Making a separate point cloud extraction for each deviation point implies hundreds or thousands of these expensive operations when making analysis. The too many point cloud extractions were the performance bottle neck of the tool.
Sectors.
The new approach is based in greatly reducing the number of point cloud extraction needed. We divide the face is big areas or sectors, with enough overlap to ensure that any deviation point will be inside enough to allow the deviation radius. And we make just one point cloud extraction for each sector.
From the point of view of the deviation calculations, the new system can look a bit scary at first sight. The extraction volumes are comparatively huge, and the number of points extracted will be several order of magnitude bigger. That will imply many more calculations needed when checking each deviation point against all the extracted points of the sector that contains it. But this calculations can be optimized and parallelized very efficiently.
A lot of research was focus in setting the best balanced size of the sectors. No too big, that will imply too many deviation calculations. But not too small in order to avoid too many point cloud extraction. The result is a great reduction of the needed point cloud extractions, while keeping the small processing time for the calculations.
Batches.
The previous system processed each individual face separately, included a viewport update to show the analysis result of the face. This was interesting from the point of view of used feedback. But in cases with many smaller faces, like an irregular floor slabs, the processing was clearly slower than with a few big faces.

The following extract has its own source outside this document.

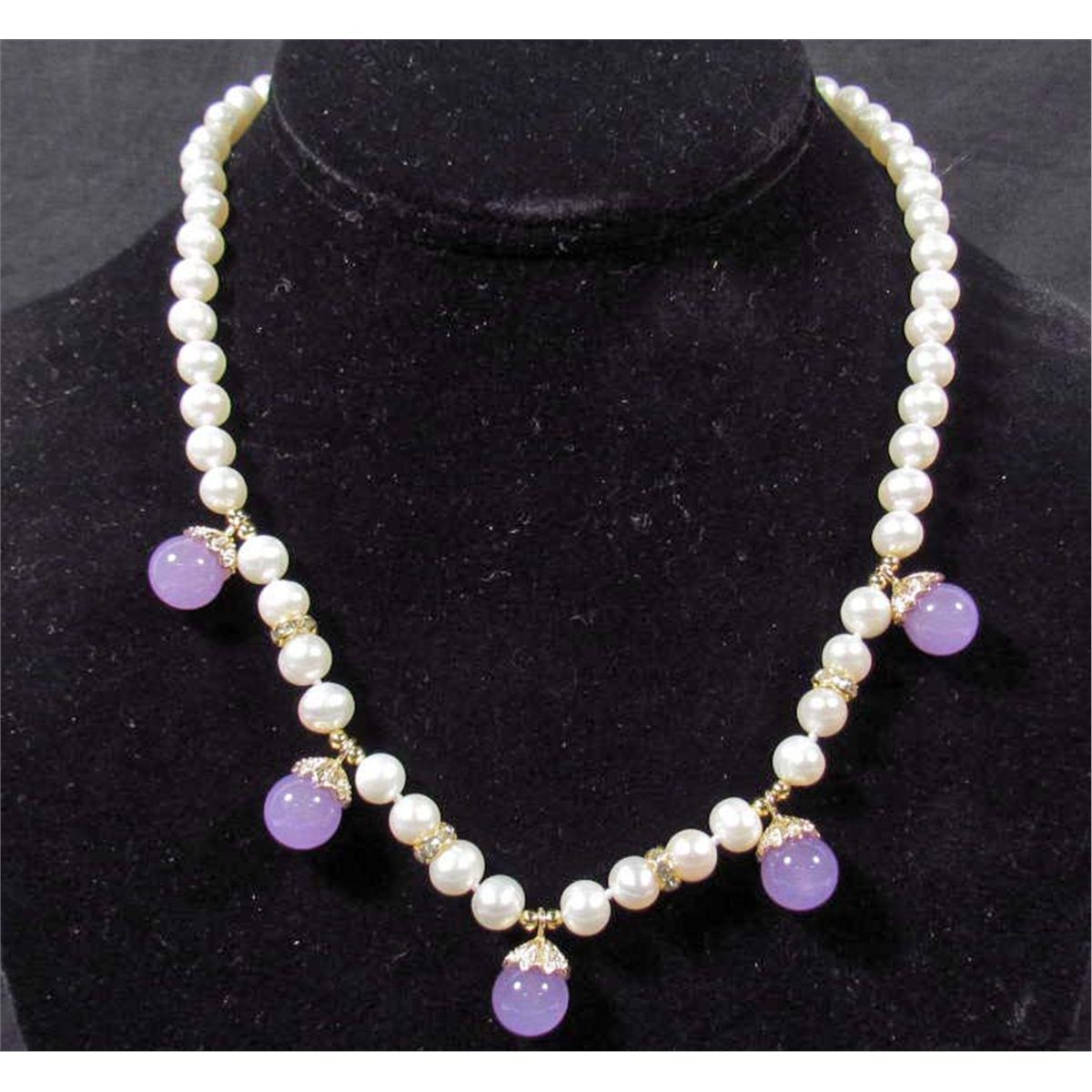 Approx. 18" long w/ 7-8 mm size pearls.  Alexandrite is 9mm.  Gold plated clasp

This has been addressed in the new system, combining the sectors of all the different faces in homogeneous batches to be processed. In this way we maintain a similar CPU load during the whole processing time. The efficiency will be very similar for big or small faces, or combination of big and small faces.
Additionally, we make just one global viewport update at the end of the command. It is true, that we have lost the partial viewport update for each individual face. But the new system is so much faster with many faces, that is more than worth it.
GPU kernels.
One great advantage of the new system is that the point cloud extraction is dissociated to the analysis point division. As the image above shows, we have the same sector layout for medium density (left) and high density (right). Now to use the high density of points does not imply so long processing time as before. With the old system, typically you can expect 3-4X longer times compared with the default medium density. With the new system it will be just around 1.25X.
With medium density the actual deviation calculations are just a very small part of the processing time. Most of it is the actual point cloud extraction. But with high density, we start to notice a bit more its influence. Is there a possibility to improve this? Yes, using the GPU.
The dev. calculations can be very well organised to be processed in a GPU kernel. But we have the issue of the amount of needed data to copy to the GPU memory. The transfer from CPU memory to GPU memory is relatively slow. And if we need to copy huge amount of data, the time involved can offset any performance gain in the actual calculations.
In this case, it is needed to copy the point cloud extraction of each sector, that can be until 1 million points. Exceptionally the Revit API exposes the internal native pointer of the extracted points, that allows to copy the points fast enough. The actual calculations will be blazing fast even in a low tier dedicated GPU, with only around 1000 CUDA units.
If we use the GPU, it will be almost no difference between the processing times of medium and high points density.